There is a list of what tweets have been assigned to me, as a work-flow management device, but it would be useful to be able to see a list of messages I’ve assigned to someone else, so I could track response.
Worried your readers may be confused about who is tweeting? CoTweet lets you set up handles for each user (such as ~Lucy or ^LN), and these will be automatically appended to your tweets if you want.
(Yes, you can remove people from your account if you need to).
All the usual functions are available: I can send a direct message to each individual tweeter that comes up, or @reply them, retweet their message or email that tweet to someone for action – if I didn’t want to just assign the tweet to them inside CoTweet. Perhaps they’re not Twittering for my company but still have an interest in what’s being said?
CoTweet lets me schedule tweets to go out later. Yes, I know this is available as functionality elsewhere – but if I can get it all in one place, why look outside? A full-service system is what you need if you’re under pressure.
Plus – and importantly if you have multiple staff using the same account – scheduling tweets means that you can see if someone has already scheduled a tweet on the topic you’re thinking to mention. That way, people who follow your account don’t get three tweets in a row making a special offer!
When you’ve read and actioned a message, you can archive it so that you have a record, and to clean up the stream of tweets. I’m not sure whether they have plans for an internal search – I can see that if you handled thousands of messages, and needed to find one from a couple of months ago, it might be nice to be able to search your archive.
And I can see a list of messages I sent, rather than have them bundled with incoming direct messages, as Tweetdeck does it. I can see what my co-authors sent too, identified by sender. (Control freak? Me? I just think that might be useful…)
Interestingly, I can choose to cross-tweet, if I wanted: as the owner of multiple accounts, I can choose to send out the same tweet on each of them.
Keeping track of Twitter activity and customer management
Suppose I wanted to keep track of my keywords and brand mentions …
The search function is great – I can do multiple searches (e.g. for governance, csr, and IR) and each set of results comes up in a separate stream on the same page. I’m not sure what the maximum number of searches would be – I tried 6, and had to sideways-scroll after 4 – but each separate search can be refreshed to get the latest tweets on each topic, and I can easily subscribe to an RSS feed for each of those searches.
However, it doesn’t retain the searches you set up if you logout, unlike Tweetdeck, which reloads the search panes. And it would be nice if the search panes auto-refreshed.
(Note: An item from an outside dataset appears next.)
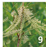
Titi (10 x 8' Average)

Nativar (cultivar of a native species), evergreen tree with a very narrow upright growth habit. The tree makes a great vertical landscape or accent plant. It produces volumes of bright red berries that persist through the winter and attract birds. Does best in evenly moist, acidic soil, and is drought tolerant.

I can find more information about interesting people who come up in those searches, or even for any given user: their profile and their updates and – if relevant – the conversations I’ve had with them on Twitter; and, potentially even more usefully, I can add notes to myself (or, presumably, to others) about that person and the conversation we had. I can see that being very useful for a business.
Any bad points?
CoTweet is still in beta, so there are bound to be things to be ironed out and a few missing elements. I’ve made some suggestions above, but there are a few additional points:
- each page is quite slow to load
- the number of followers/following is out of date, and isn’t refreshed by logging out and in again
- I’d like a desktop application that would run in Windows; there is one, I understand, for Mac
So – not yet perfect, but a really well thought through setup for business twittering. I like it.